When wrapping (nested) parenthesized expressions, always try to wrap the expression at the lowest possible level, and align like level parentheses vertically. To Illustrate:

result = ( ( ( x1 + 1 ) * ( x1 + 1 ) ) - ( ( y1 + 1 ) * ( y1 + 1 ) ) ) ;

111111 1 1 2 3 33 3 3 3 2 3 33 3 3 3 2 1 2 3 33 3 3 3 2 3 33 3 3 3 2 1 1

====================================== Ý [lowest nesting level]

becomes:

result = ( ((x1 + 1) * (x1 + 1)) -

((y1 + 1) * (y1 + 1)) );

Ý [aligned level 2 parentheses]

5.6 Chapter summary

The style rules given in this chapter are general enough to be applicable regardless of the language used.
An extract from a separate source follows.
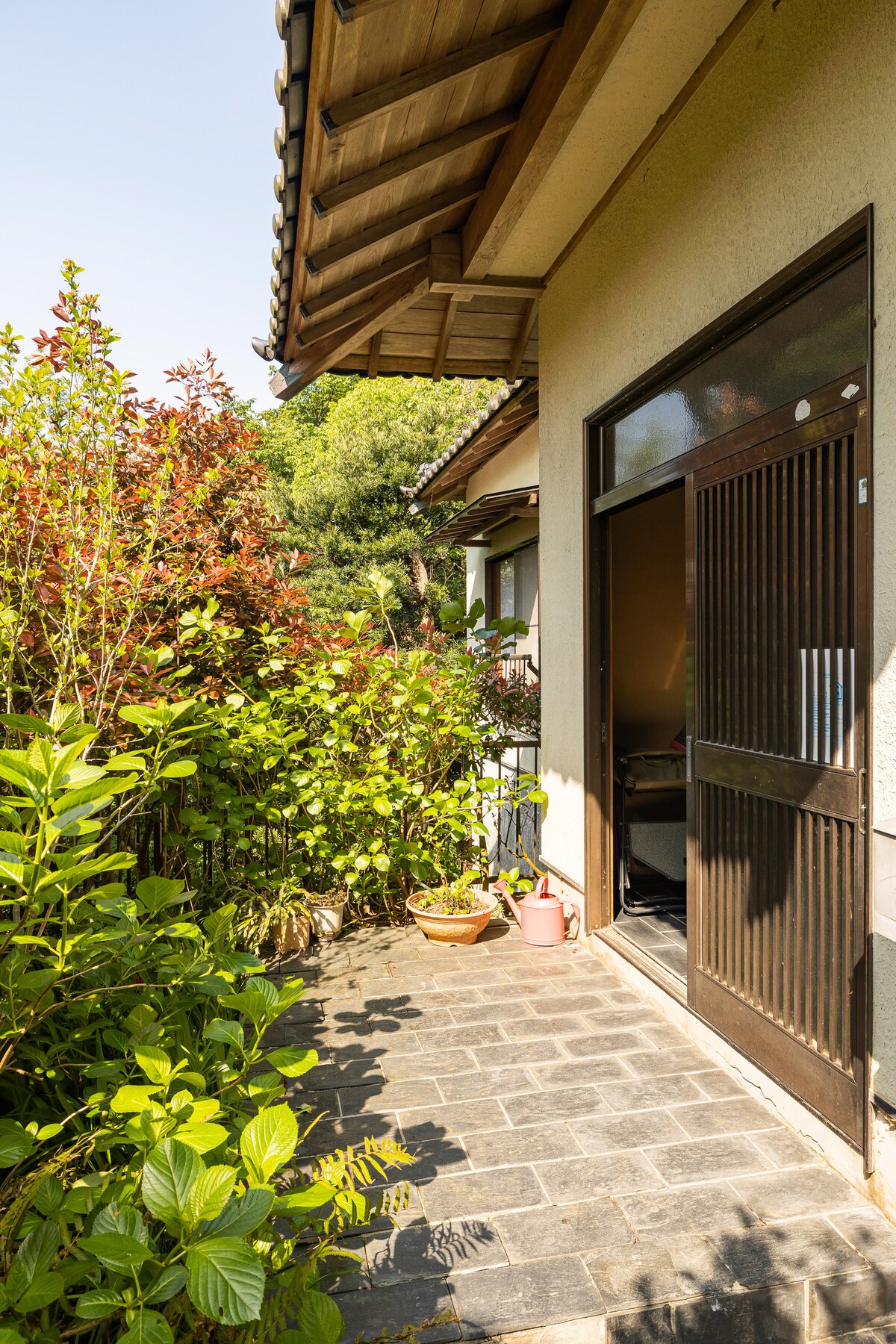 Vores hytte ligger på en bakke på den sydlige spids af Izu-halvøen. Den er omgivet af frodige skove, bjerge og vores frugt- og grøntsagshaver med en smuk udsigt over Stillehavet. Hytten er velegnet til længerevarende ophold. Denne rolige bolig ville være et dejligt fristed for folk, der er interesserede i landets livsstil, eller dem, der leder efter en afsondret ramme til at arbejde, fokusere på kreative aktiviteter eller nyde en rolig ferie uden forstyrrelser.

The proposals below will be built upon in the next four chapters, as we consider specific programming languages:

Write code for people first, computers second.

There is no one "best" style, just be consistent about the style you use.

Be considerate toward the reader; follow the 5 C's of communication.

Strive for simple, modular, code by minimizing variable scope.

Limit files to 500 lines in length and 80 characters in width.

Use only standard ASCII characters and avoid changing the size of a tab stop.

Comment on the code before and as you write it, not all at once at the end.

Comment on "what" is being done, rather than "how" -- this is obvious.

Comment clearly, consistently, and unobtrusively.

Every comment should be accurate and helpful to the reader.

Do not depend on comments to make bad code readable, rewrite it!

To effectively comment a program you must fully understand it.

Studies have found that the best name length is between 8 and 16 characters.

If you opt to use a naming system, use it with consistency.

Abbreviations are helpful to significantly shorten the length of a name.

Symbol names should not look, sound, or have similar meanings.

Always name temporary variables with the same care as any other variable.

Avoid any abbreviations which result in mispronunciation.

Comment every data declaration as if it were a complex statement.

Double check to make sure that you have not misspelled a name or word.

Do not differentiate variables by case only.

In general, name length should be proportional to the symbol's scope.

Never declare a local variable with a name used by a more global variable.

Boolean variables should be named such that they read naturally in the code.

Routines should follow the same naming rules as any other program symbols.

Never redefine a routine or constant provided by the language or system.

Name files for maximum portability and clarity of purpose.

Too many files in one directory are hard to manage, use subdirectories.

Each line of code should perform only one action to avoid side effects.

Utilize white space as a tool to help clarify and explain code.

Studies have found that the best code indentation size is four characters.

Wrap expressions at the lowest level and align like level parentheses.